Required work: Print the listing below a second time, exactly, and omit its images.

Data extract:
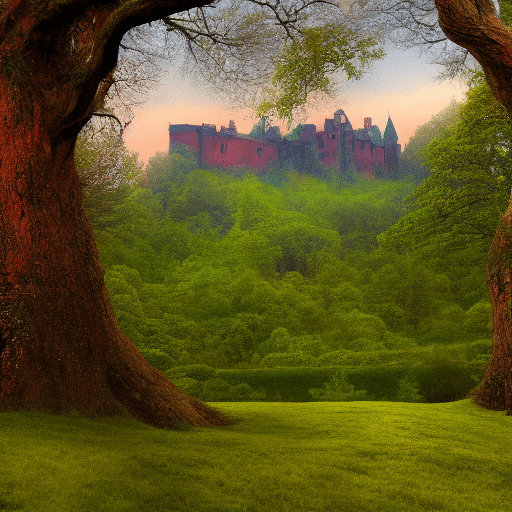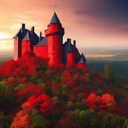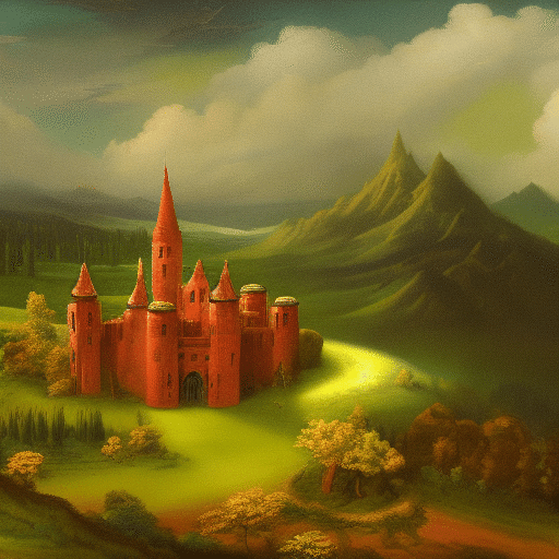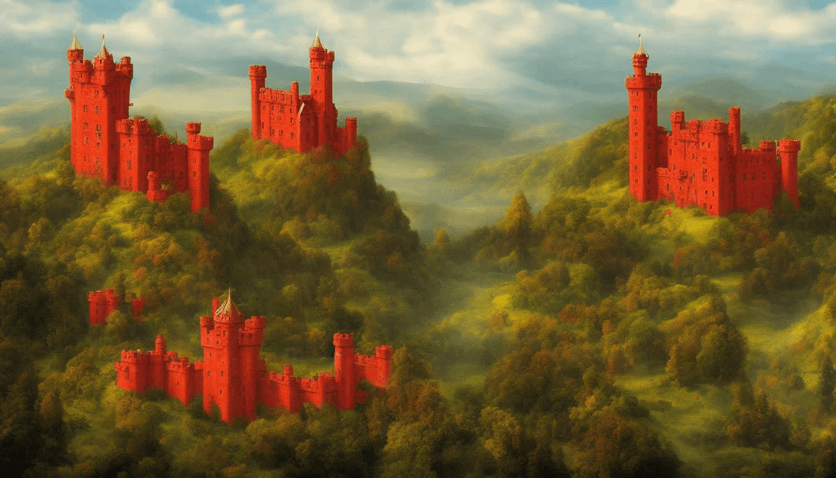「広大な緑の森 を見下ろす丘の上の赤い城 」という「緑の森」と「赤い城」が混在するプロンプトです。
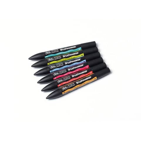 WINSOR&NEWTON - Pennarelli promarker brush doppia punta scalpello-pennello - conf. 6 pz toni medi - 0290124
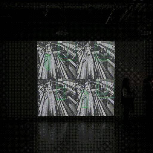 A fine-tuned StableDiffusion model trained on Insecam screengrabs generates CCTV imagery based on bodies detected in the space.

Answer to this task:
「広大な緑の森 を見下ろす丘の上の赤い城 」という「緑の森」と「赤い城」が混在するプロンプトです。
 WINSOR&NEWTON - Pennarelli promarker brush doppia punta scalpello-pennello - conf. 6 pz toni medi - 0290124
 A fine-tuned StableDiffusion model trained on Insecam screengrabs generates CCTV imagery based on bodies detected in the space.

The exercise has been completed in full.